The 'corrected C++ version of the code' is actually:

std:vector< int > pod( 10 ); ...

I didn't bother reading any further.

------
austinz
Regarding his assertion about reference counting: Apple's implementation of
ARC for Objective-C doesn't handle cycles (it requires the engineer to reason
about weak and strong references in order to prevent memory leaks), but it is
certainly a "serious" implementation. The fact that it doesn't have facilities
for detecting and releasing cyclic references makes it definitely not the
"other side" of the GC coin.

That being said, ARC-style reference counting is more limited in terms of what
developers can do with their code, and it may not be a general enough solution
for a language like C++ (which strives to be all things to all people). Weak
pointers in Objective-C also require runtime support, which could probably not
be appropriate for high-performance applications in many cases.

------
millstone
> The power of multicore processors, vector units, and GPUs is being
> squandered by the industry because of an obsolete programming paradigm.

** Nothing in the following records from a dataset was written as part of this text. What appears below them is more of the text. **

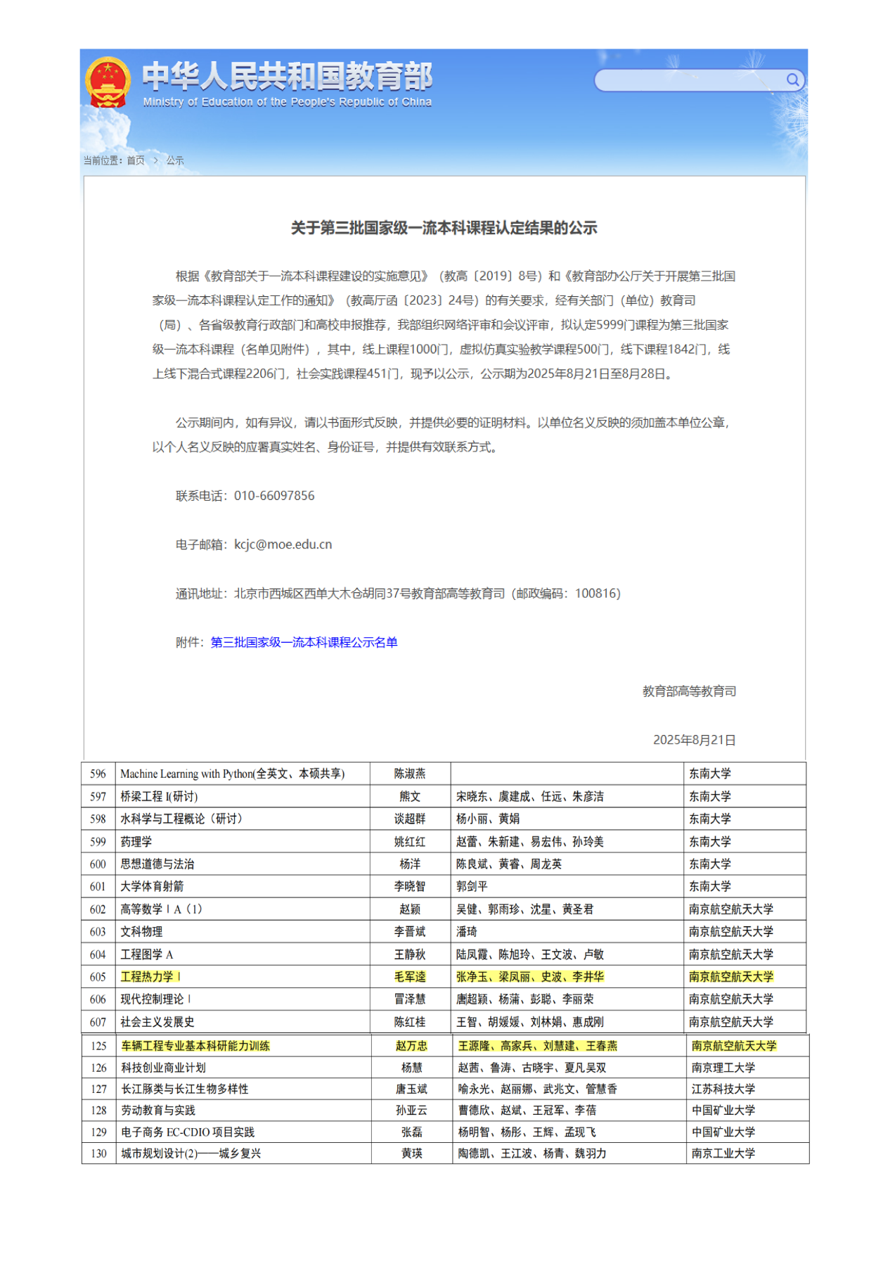 8月21日,教育部高等教育司发布了《关于第三批国家级一流本科课程认定结果的公示》,其中我院毛军逵教授负责的《工程热力学Ⅰ》获评线上线下混合式一流课程;赵万忠教授负责的《车辆工程专业基本科研能力训练》获评社会实践一流课程。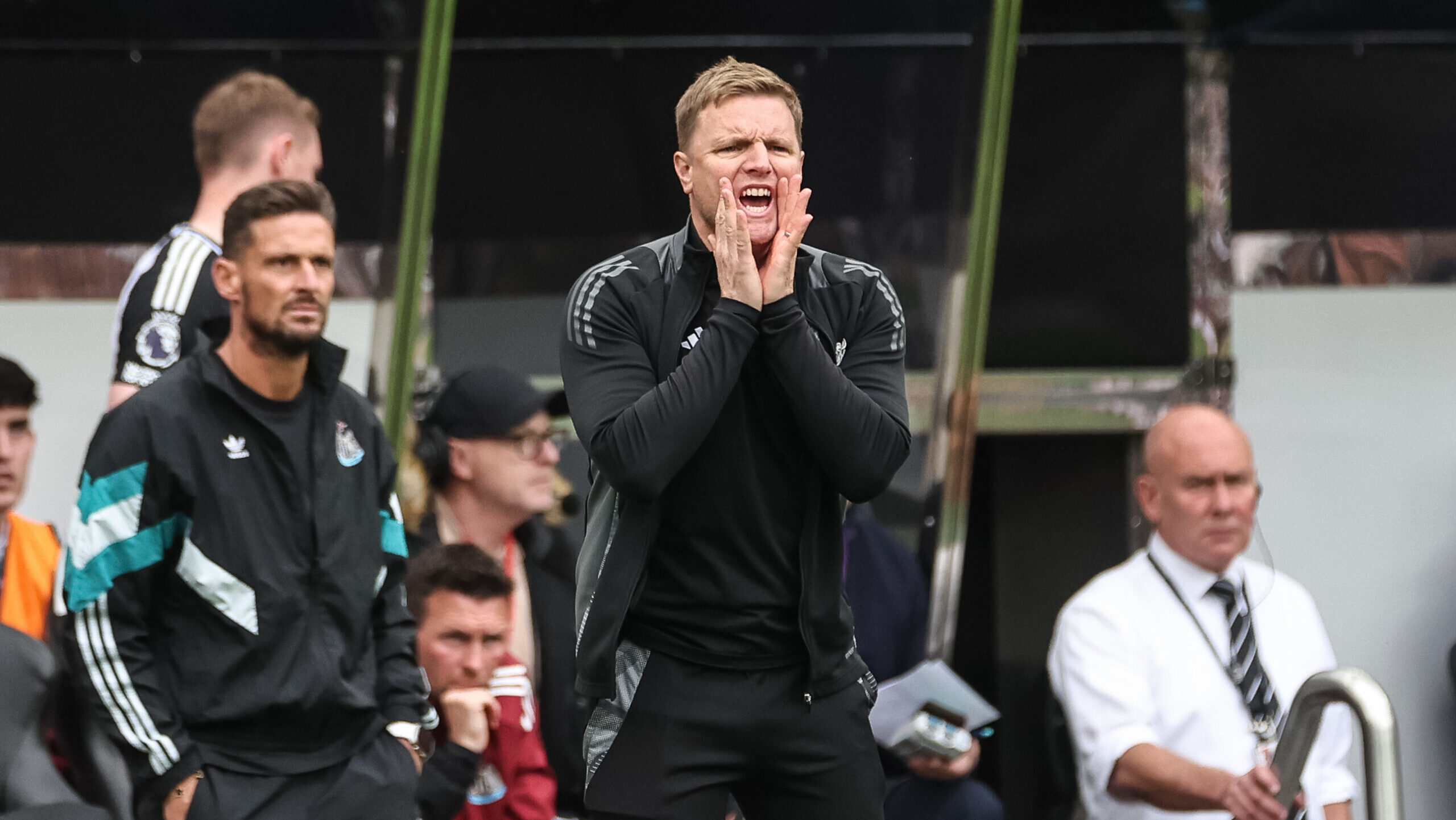 September 28, 2024, Newcastle, Tyne And Wear, United Kingdom: Eddie Howe manager of Newcastle United gives his team instructions during the Premier League match Newcastle United vs Manchester City at St. James's Park, Newcastle, United Kingdom, 28th September 2024. (Credit Image: © Mark Cosgrove/News Images via ZUMA Press Wire)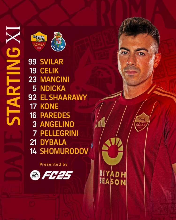 羅馬首發:99-斯維拉爾、5-恩迪卡、23-詹盧卡-曼奇尼、19-切利克、3-安吉利諾、16-帕雷德斯、17-科內、92-沙拉維、7-佩萊格里尼、21-迪巴拉、14-肖穆羅多夫
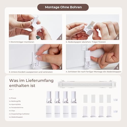 Die plissierten Jalousien können einfach an die Fensterflügel mittels vier verstellbarer Klemmhalterungen montiert werden, komplett ohne Bohren oder Schrauben. Dies spart Zeit und Mühe und schützt Ihre Wände vor Beschädigungen. Sie sind geeignet für Fensterrahmen mit einer Rabattenstärke von 10 mm bis 23 mm und lassen sich jederzeit problemlos entfernen und wieder installieren. Sollten Teile des Zubehörs im Lieferumfang beschädigt ankommen, zögern Sie nicht, uns für eine kostenfreie Ersatzlieferung zu kontaktieren.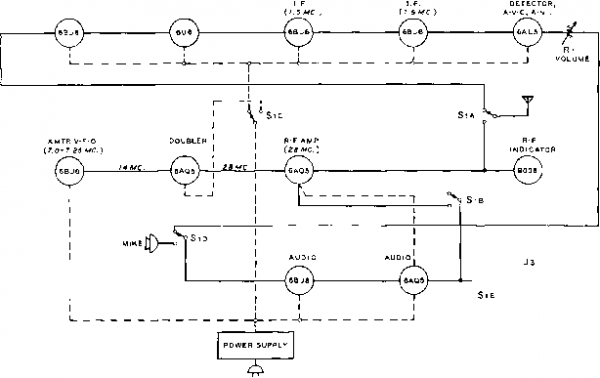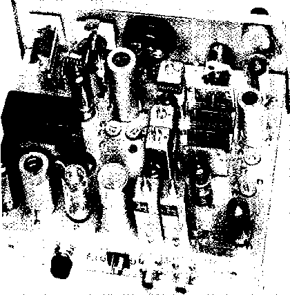Главная » Журналы » Simple coaxial reflectometer 1 ... 52 53 54 55 56 57 58 ... 80 Figure 27 UNDER-CHASSIS VIEW OF WALKIE-TALKIE SHOWING MAJOR COMPONENTS Cbaais of transceiver is specially bent to fit components in smallest possible space. Oscillator coil Li is at left separated from tripler coil Ls by small shield. Output coil Ls is to rear. 5676 detector tube is at right rear, flanked by 20 jxtd. filter capacitor. Audio tubes are under chassis partition at right. Quench filter capacitors are to right of coil Ls. ![]() These adjustments may be done quickly and easily with the aid of a grid dip oscillator. After the r-f circuits are adjusted the rest of the transceiver may be wired- Short, direct leads should be used in the r-f circuits and all wires should be routed in the shortest possible paths. Transceiver After all wiring has been check-Alignment ed, the tubes should be removed from their sockets and the filament batteries connected to the unit- The filament voltage at each tube socket should be checked in all three operating positions of switch Sl. JVlake sure the second filament section of the 3Q4 (pin #7) is energized in the transmit position of Si. The bias batteries and B-plus batteries may now be attached to the proper leads. Be sure of the correct battery polarity before inserting the tubes in the sockets. Test the handie-talkie for proper reception first. The slug of coil Ь should be adjust- ed for best reception after the transceiver is assembled and the whip antenna placed in the coaxial receptacle. However, it is possible to place a short piece of wire in the antenna receptacle to pick up a test signal while the transceiver is dissembled on the bench. The coupling between Ь and La should be adjusted for best super-regenerative action and sensitivity . After the receiver is operating, the transmitter should be energized- Tune the slug of coil L4 for reliable crystal operation. A grid dip oscillator held in the proximity of L4 will serve as a r-f indicator. Remove the plate voltage from the grid dip oscillator for this test. Alternatively, oscillator operation may be monitored in a nearby receiver tuned to the 24 Mc. overtone frequency of the crystal. The 3A4 tripler stage may now be tuned for maximum output on 72 Mc. as indicated on the grid dip oscillator. Finally, the grid dip oscillator (or wavemeter) is held in close proximity Figure 28 TRANSCEIVER CHASSIS BOLTED TO PANEL OF WALKIE-TALKIE The chassis is held in place by bolts passed through frame of small speaker. Modulation transformer Tt is visible in foreground with Centralab Couplate at rear of audio tube sockets. Batteries occupy space to left above microphone. Crystal socket is at far right, which is top end ot transceiver. ![]() to the 144 Mc. doubler plate coil, Le. This coil is tuned for maximum output at 2 meters. After this preliminary alignment is completed the chassis of the transceiver may be placed in the case, along with the battery power pack. Finol Experience with several of these Alignmeni- units has shown that maximum output is obtained with a whip antenna slightly longer than quarter wavelength. The transmitter stages should be retuned for maximum field strength in a nearby wavemeter and different length whip antennas should be tried. The quarter wavelength whip is nineteen inches long, but whip lengths up to twenty-seven inches should be tried. In general, whip lengths of twenty-four inches or so seem to produce best results with this little transceiver. Input to the final stage of the 3A5 is approximately )2-watt under optimum loading conditions. The operating range between two of these units varies from a thousand feet or so over obstructed terrain to better than three miles over smooth ground. Communication between the handie-talkie and a base station equipped with a sensitive receiver and a high gain beam can be maintained over greater range. 27-6 Six Meter Transceiver for Home or Car The six meter band has become extremely popular within the past few years. The pinnacle of the sunspot cycle, combined with the influx of new amateurs has brought life to an otherwise neglected amateur band. Most of the stations operating on this band employ relatively low power and the amateur having modest power suffers no handicap if he has a good antenna. The growth of mobile operation on the six meter band has been rapid and the need has arisen for a compact transceiver that will work well either in the car or at home. The unit described in this section has been designed to meet this need. This compact transceiver operates in the 50-54 Mc. range. It employs a stable, superheterodyne type receiver and a 10 watt transmitter. The transmitter may be either crystal controlled, or driven with an external variable frequency oscillator. A 5-watt audio system operates from a high impedance crystal microphone and provides 100% modulation of the transmitter. In the receiver mode, the audio system delivers sufficient power to drive an external speaker well above the noise level of the automobile. Small enough to fit comfortably under the dash of todays car, the transceiver delivers a well modulated signal at a total plate power drain of 100 milliamperes at 250 volts potential. Voltage regulation of the plate and filament voltages of the receiver oscillator ensures the maximum stability required for mobile work. Transceiver A block diagram of the trans-Circuit ceiver is shown in figure 30. Eleven tubes are employed, plus a filament voltage regulator. Change-over from receive to transmit is accomplished by a push-to-talk circuit that operates two d-c relays from the microphone control button. The receiver employs a broad-band r-f stage and two i-f stages. The r-f stage uses a 6CB6 television-type pentode with pre-tuned grid and plate circuits. This stage is capacity coupled to a second бСВб mixer operating with grid injection. The variable frequency oscillator is a third бСВб in a Tri-tet configu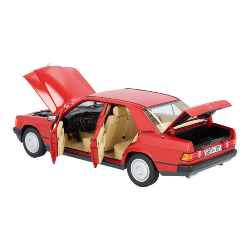 Podczas gdy Typ 190 miał silnik gaźnikowy, który został zmniejszony ze 109 KM do 90 KM dzięki zmniejszeniu wielkości otworów dolotowych i wydechowych oraz zastosowaniu nowego wałka rozrządu i zmodyfikowanych zaworów, 190 E posiadał nowo opracowaną wersję z wtryskiem benzyny. Precyzyjny model najwyższej klasy 190 E odwzorowuje oryginał w drobiazgowych szczegółach i wzbogaci każdą kolekcję. Model samochodu jest nie tylko pomalowany na autentyczny kolor, ale także szczegółowo przedstawia wnętrze.
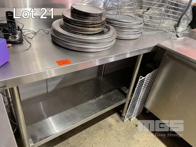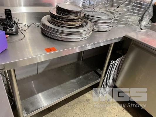 STAINLESS STEEL PREP BENCH, 2 TIER WITH SPLASHBACK 210 x 60cm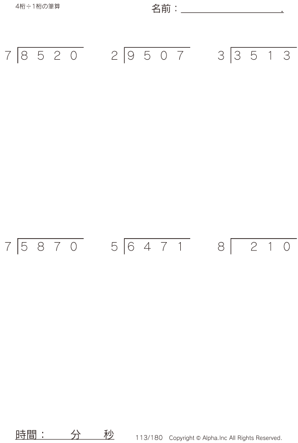 上記のボタンから「4桁÷1桁の筆算」の算数数学ドリル・計算ドリル(PDFプリント)がダウンロードできます。個人利用は無料です(家庭以外での配布は有料です)。

It’s worth addressing these in turn. In reverse order:

I dispute that the C paradigm squanders GPUs. OpenCL and CUDA are the two most
prominent languages written with GPUs in mind, and both have a lot more in
common with C than with Haskell. In particular they eschew functional
mainstays like recursion, linked lists, and garbage collection. So for GPUs,
it seems like the ideal paradigm is closer to C than Haskell.

For vector units, there’s some recent excitement about auto-vectorization in
Haskell. But I’m skeptical about the potential of auto-vectorization in
general, since it only seems to apply to simple loops, and can’t take
advantage of all instructions. Most effectively vectorized code uses either
compiler intrinsics or outright assembly, and I don’t see that changing any
time soon (I’d love to be proven wrong on this though).

Lastly, multicore processors. C++11 more or less standardized the creaky POSIX
threading model, with some additions like thread locals - hardly state of the
art. I wonder if the author is familiar with other approaches, like
libdispatch, which provide a much improved model.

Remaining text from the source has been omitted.